Exercise details:
Although the listing below holds pictures, reproduce only its lines from the one containing "Na 27. februára" through the last, exactly and without them.

Information supplied:
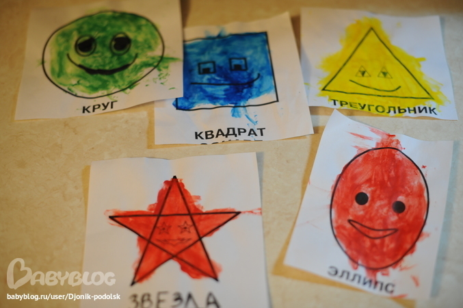 Выучили: круг, квадрат, треугольник, овал, прямоугольник, ромб, трапецию и пятиугольник. Из объемных: шар, куб, конус.Как-то заодно незаметно повторили цвета и выучили несколько неизвестных ранее. Все фигуры искали в жизни и сын из научился видеть. Одела как-то платье, а он бежит, тычет в меня "бомб, БООМБ"! Я сначала не врубилась, а потом смотрю на свое платье, а там рисунок ромбиками)))). Пытается называть названия фигур (ПП-трапеция, бомб-ромб, тк-квадрат и тд- всегда на определенную фигуру говорит одинаковое сочетание звуков).
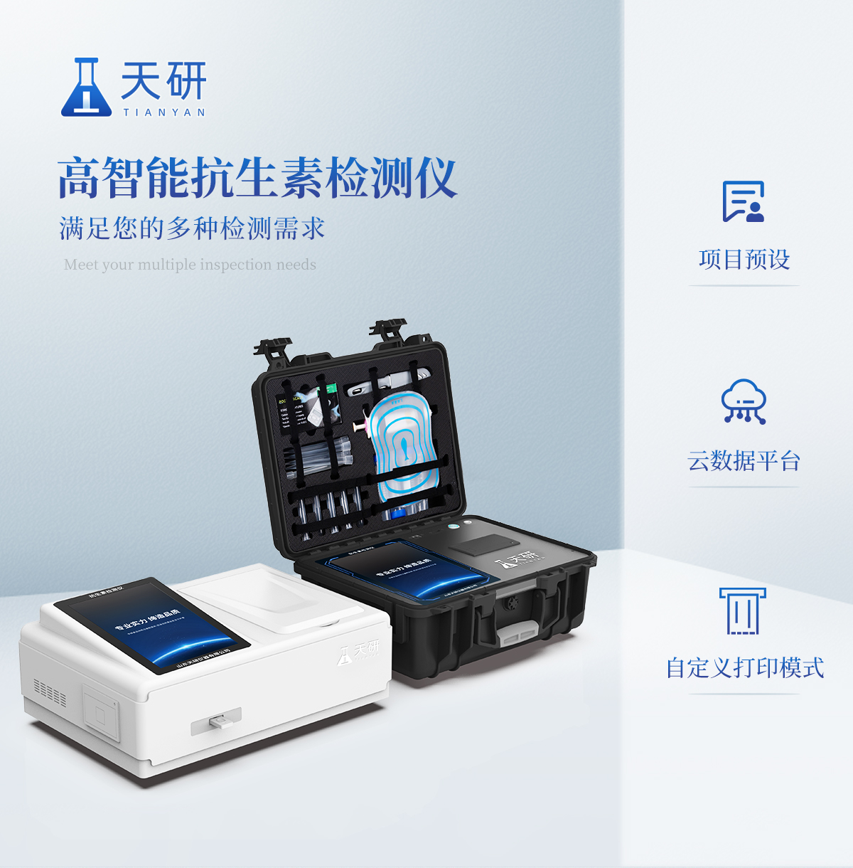 山東天研儀器有限公司生產(chǎn)的箱式抗生素檢測儀為集成化食品安全快速檢測分析設(shè)備,采用臺式一體化設(shè)計(jì),可快速檢測200多種食品安全項(xiàng)目,包含非食用化學(xué)物質(zhì)、濫用食品添加劑、農(nóng)藥殘留、獸藥殘留、重金屬、病害肉、營養(yǎng)強(qiáng)化劑、抗生素類殘留、激素類殘留、真菌毒素類殘留、化學(xué)類殘留等項(xiàng)目的定性定量檢測。該高智能食品安全檢測儀為集成化食品安全快速檢測分析設(shè)備,目前已于食藥監(jiān)局、衛(wèi)生部門、高教院校、科研院所、農(nóng)業(yè)部門、養(yǎng)殖場、屠宰場、食品肉產(chǎn)品深加工企業(yè)及檢驗(yàn)檢疫部門等單位廣泛使用。
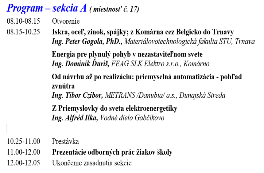 Na 27. februára 2026 sme pripravili pre Vás sériu zaujímavých prednášok v rámci Odborného dňa. Pozvali sme odborníkov, bývalých absolventov našej školy, aby prišli medzi nás a porozprávali o svojej kariére, o tom v akej oblasti pracujú, podnikajú, v čom je ich práca zaujímavá a jedinečná. Po týchto prednáškach sa predstavia aj žiaci SPŠSE- GESZKI, ktorí sa zapojili do Stredoškolskej odbornej činnosti a vytvorili hodnotné súťažné práce.
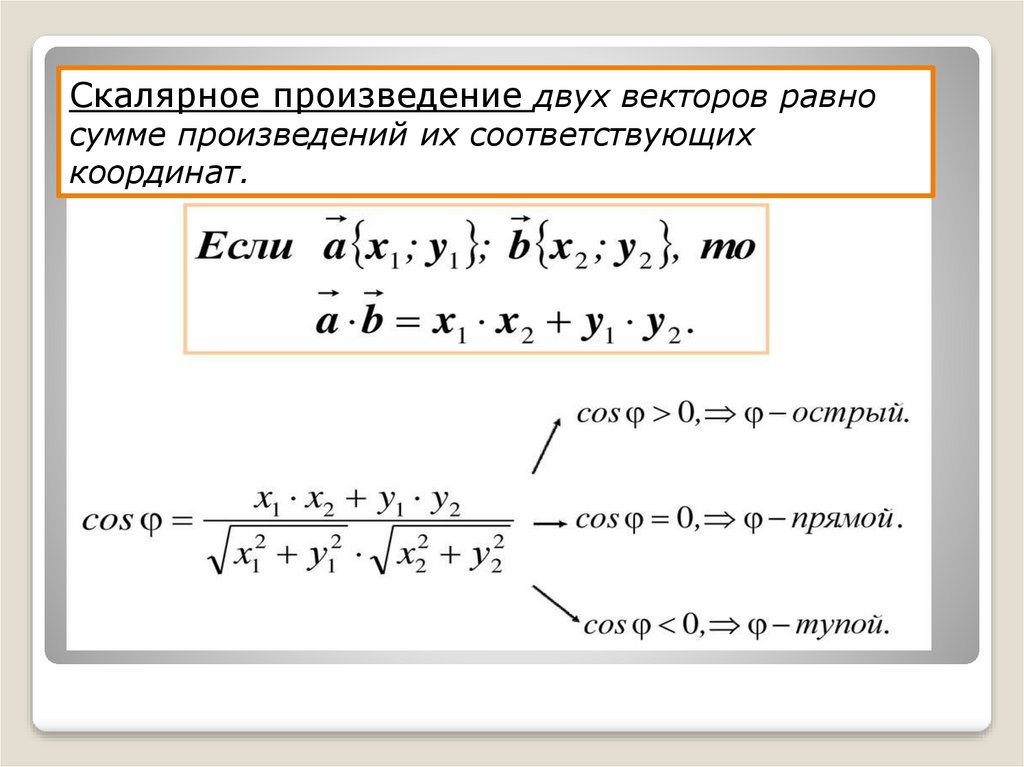 Скалярное произведение двух векторов равносумме произведений их соответствующих

Reply:
 Na 27. februára 2026 sme pripravili pre Vás sériu zaujímavých prednášok v rámci Odborného dňa. Pozvali sme odborníkov, bývalých absolventov našej školy, aby prišli medzi nás a porozprávali o svojej kariére, o tom v akej oblasti pracujú, podnikajú, v čom je ich práca zaujímavá a jedinečná. Po týchto prednáškach sa predstavia aj žiaci SPŠSE- GESZKI, ktorí sa zapojili do Stredoškolskej odbornej činnosti a vytvorili hodnotné súťažné práce.
 Скалярное произведение двух векторов равносумме произведений их соответствующих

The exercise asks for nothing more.